Please do not use hcaptcha for CAPTCHA protection
ethindp opened this issue · 2 comments
I'm not precisely sure where to send this (it applies to desktop, mobile, and web, at least), so I thought this would be a good place since it shares common code between all three.
I recently heard that Bitwarden had implemented an hcaptcha-based CAPTCHA solution to prevent bots and spammers from accessing vaults. Though I applaud the goal, the solution -- hcaptcha -- is not the right solution for this job. I understand that Recaptcha is owned by Google, and that therefore all users are subject to tracking of one form or another, however please read this comment in its entirety before dismissing this suggestion on principals.
Hcaptcha -- within the disabled community -- is notorious for its failures to ensure equal accessibility for all. Hcaptcha relies on an "accessibility cookie": you open a particular website, enter your email, verify that email, and then you set a cookie in your browser that tells hcaptcha that the user is disabled and therefore needs to skip the captcha. I've no doubt that everyone reading this has kept up with recent browser developments and therefore will immediately be aware of this strategys Achilles' heel: browsers that respect the privacy of their users have disabled third-party cookies (and heavily restricted their use). Therefore, any website using Hcaptcha is automatically broken unless this setting is either disabled or you disable it for the website in question (because the domain that you use Hcaptcha on is not the domain that you got the accessibility cookie on). But the Achilles' heel is much worse than that, because Hcaptcha also demands this "accessibility cookie" within Electron apps (and other web apps that are not web browsers and therefore do not support cookies like a browser might). As a result, this ends up locking disabled people out of services if they are required to solve a CAPTCHA without sited assistance. This is somewhat ameliorated by the fact that this seeming failure does not occur (to my knowledge at least) on phones, but I have only experienced this once on my phone and others may have not had the success that I had. Hcaptcha has repeatedly asserted (despite all evidence to the contrary) that their service is completely accessible, despite the numerous complaints that prove otherwise. They have refused to update or modernize their service, even though they claim that their service allows publishers to be section 508 and WCAG 2.1AA compliant (which is not in fact the case). If you want a bunch of examples where blind people (as one example) have been locked out of things or been unable to get passed Hcaptcha, you need to look no further than these search results.
As a solution, I kindly ask the Bitwarden developers to switch CAPTCHA services to Recaptcha or, if that is implausible or unreasonable, to identify another way of preventing abuse, such as rate limiting or 24-hour lockouts. I understand that this solution is not ideal, and that others (e.g. machine learning) may be better, but at least it won't result in people who are disabled being locked out of their password vaults for an indeterminate amount of time. As I said, I know that Recaptcha probably tracks users, but I'm honestly unsure what would be a better alternative. I would appreciate thoughts about this -- and I hope I'm not upsetting anyone with this comment and that I'm posting it in the right place.

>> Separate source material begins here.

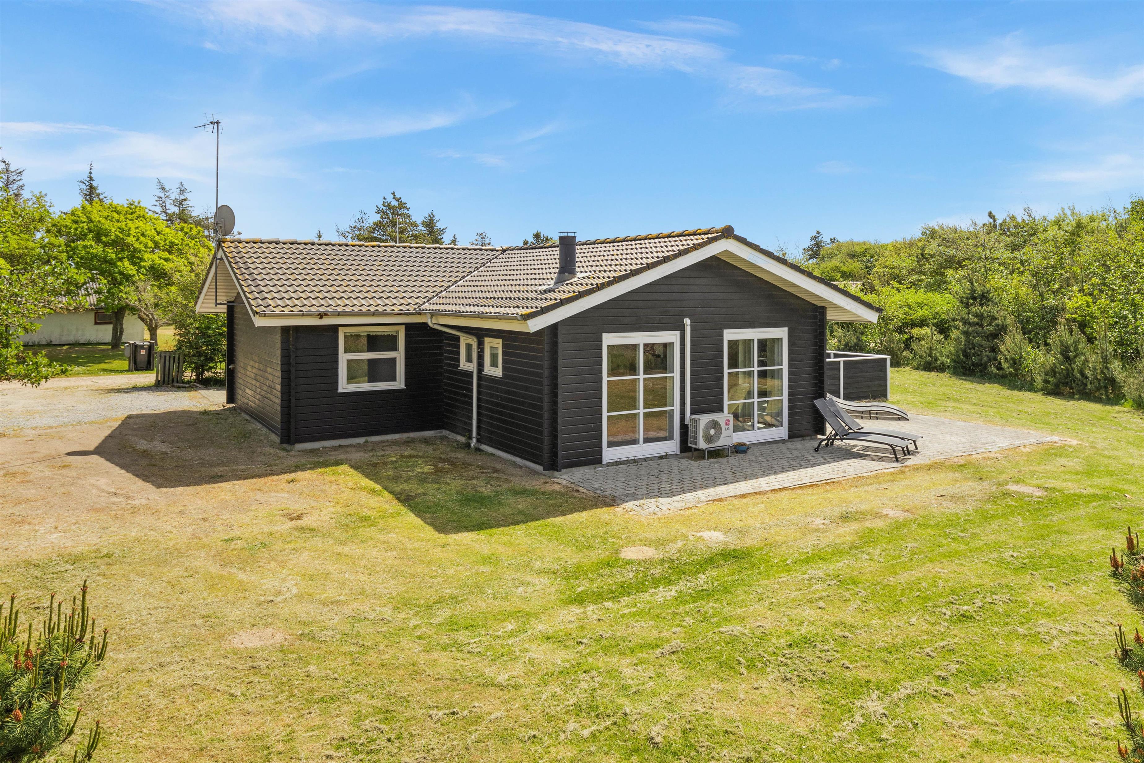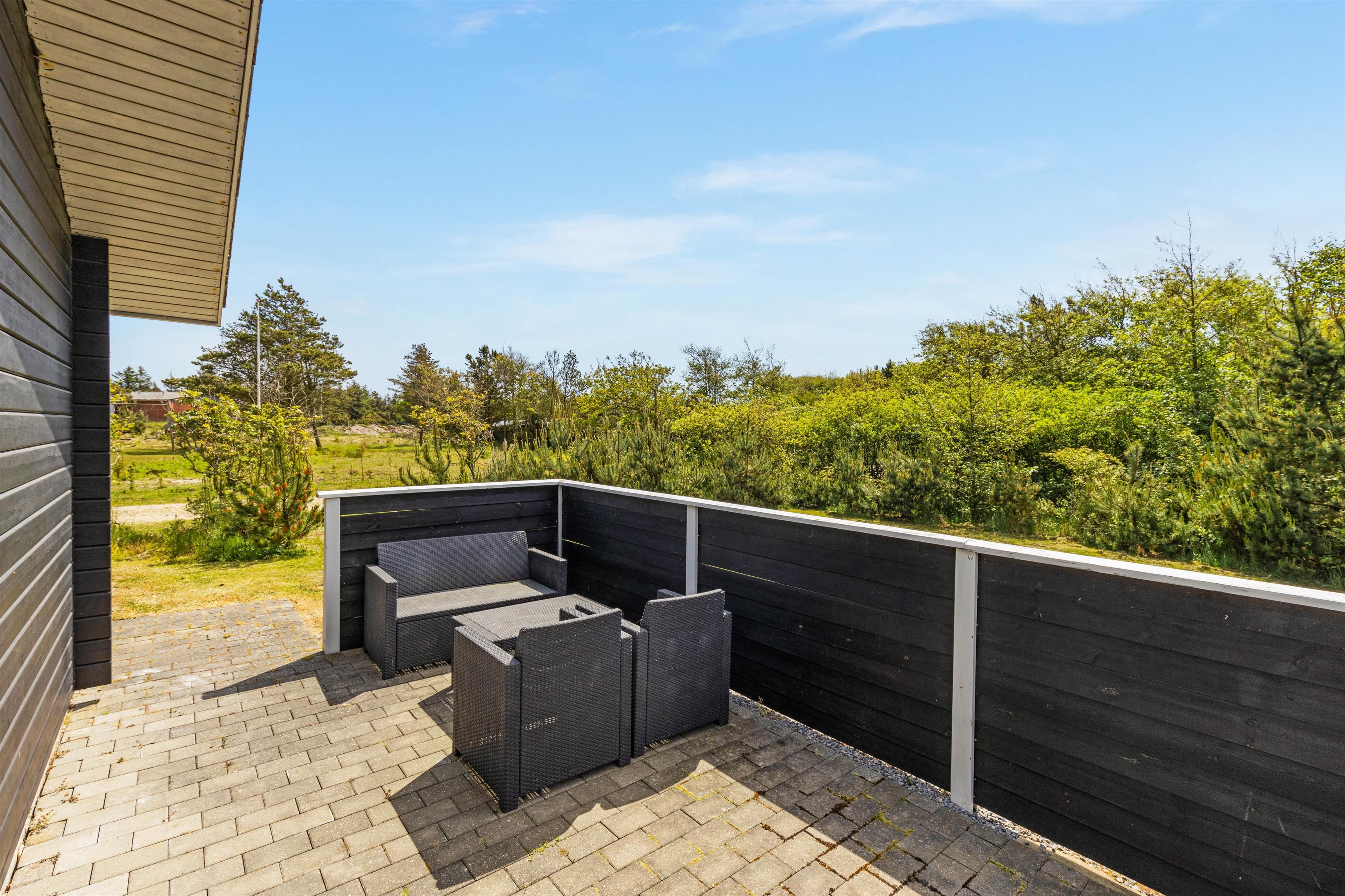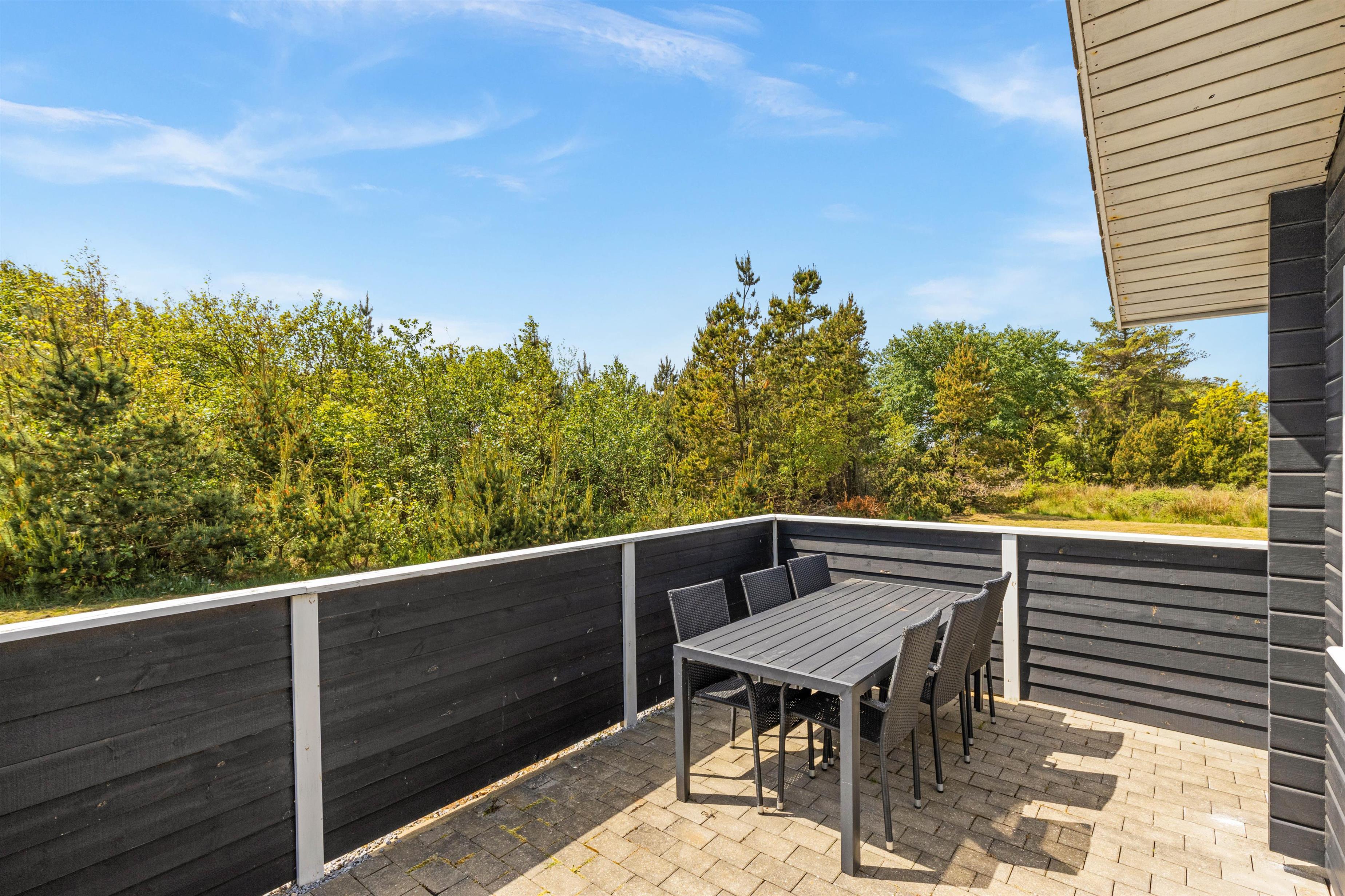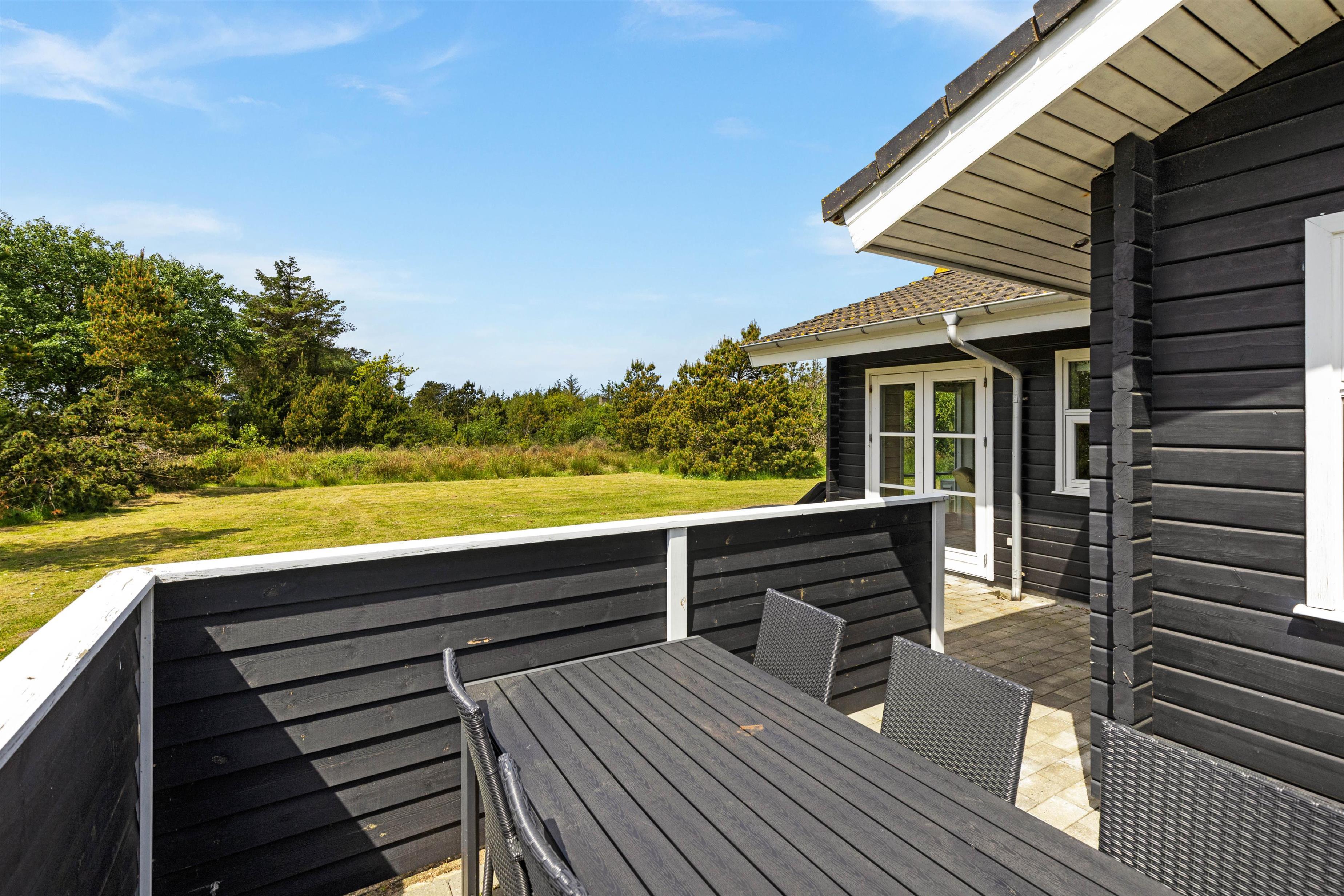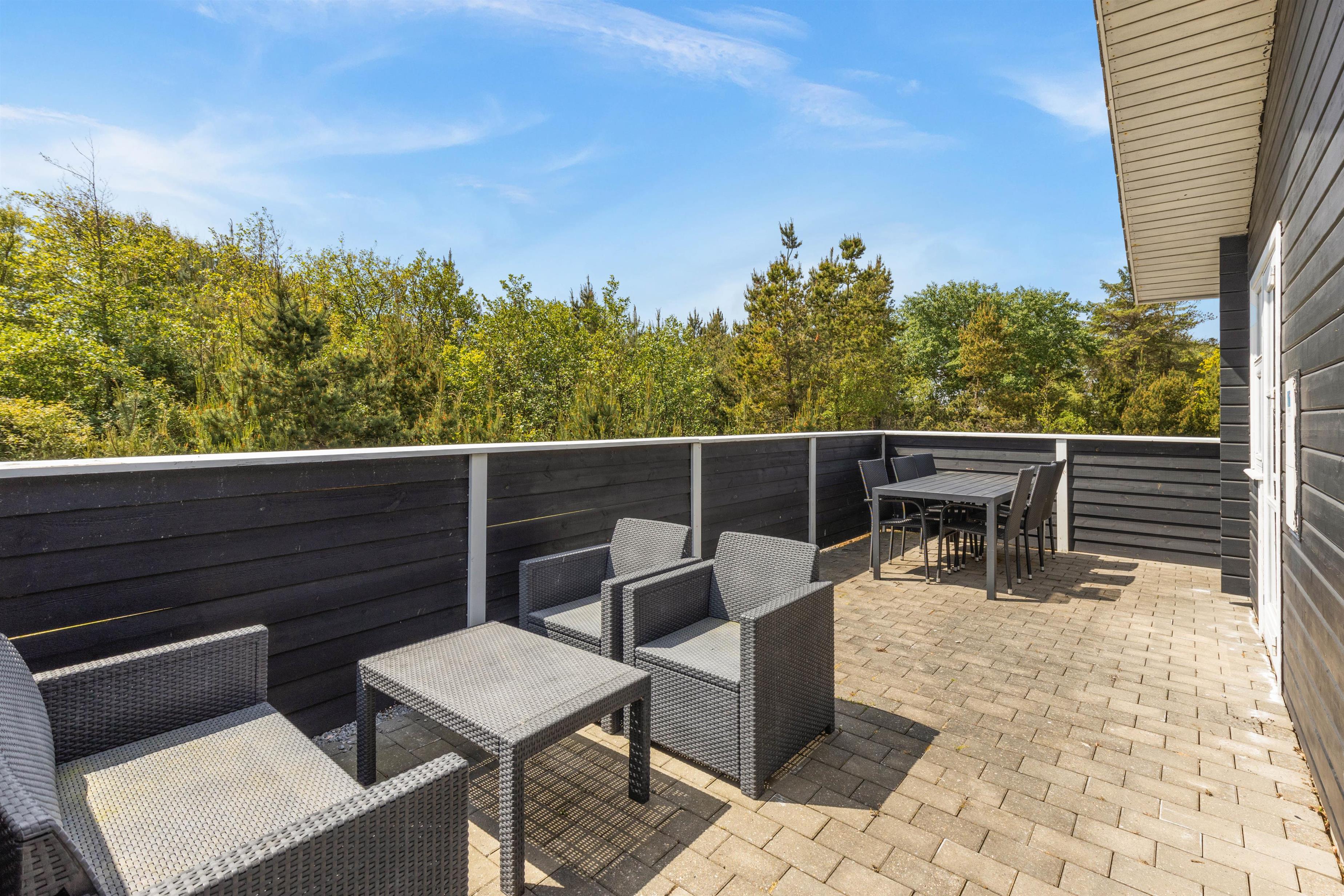 En skøn, stor fliseterrasse går næsten hele vejen rundt om feriehuset og sørger for, at der altid er en solrig og læfyldt krog at finde. Læn jer tilbage i havemøblerne og nyd den friske luft, mens børnene tumler med hundene på græsplænen.

Thanks for the feedback. We are looking into ways to make the captcha prompts more intelligent and less impactful to legitimate users and have discussed several solutions for an upcoming release. Recaptcha isn't possible due to privacy concerns. We have IP rate limiting in place already, but unfortunately that isn't a very effective solution in today's age of bot farms. Lock outs are not possible because they can be abused by malicious actors.
Can you contact our support team and reference this issue and include your IP address? We may be able to assist in whitelisting your IP address from the captcha requirements if you think that is an effective temporary solution for you. https://bitwarden.com/contact/
@kspearrin ReCaptcha is the only accessible CAPTCHA service. This is not an issue that I am personally dealing with, but it is an issue that other blind people are dealing with, because HCaptcha has shown that they don't care about accessibility (i.e. instead of just integrating accessibility into their service as they had the power to do, they require an "accessibility cookie", which is no longer a viable tactic in modern browsers). I acknowledge that Rechaptcha has privacy implications, but it is the only captcha service that has demonstrated that it cares about individuals with disabilities in all situations. Hcaptcha has the privacy pass extension/add-on, but of course this only works in browsers and nowhere else. The same applies to cookies, making Hcaptcha's solution non-portable and unusable in all situations. Blind people have tried to tell Hcaptcha these things and they have refused to listen. I would be happy to point you to many, many instances of blind people running into trouble with Hcaptcha because of their refusal to integrate accessibility directly into their captcha service (which, in some if not all cases, could be seen as a violation of both the Americans with Disabilities Act of 1990 and the Communications and Video Accessibility Act of 2010, depending on what the captcha is being used to protect), if you want. But blind people have all tried -- repeatedly -- to get them to change how they work, or to change their accessibility measures to be more inclusive, and have failed each and every time.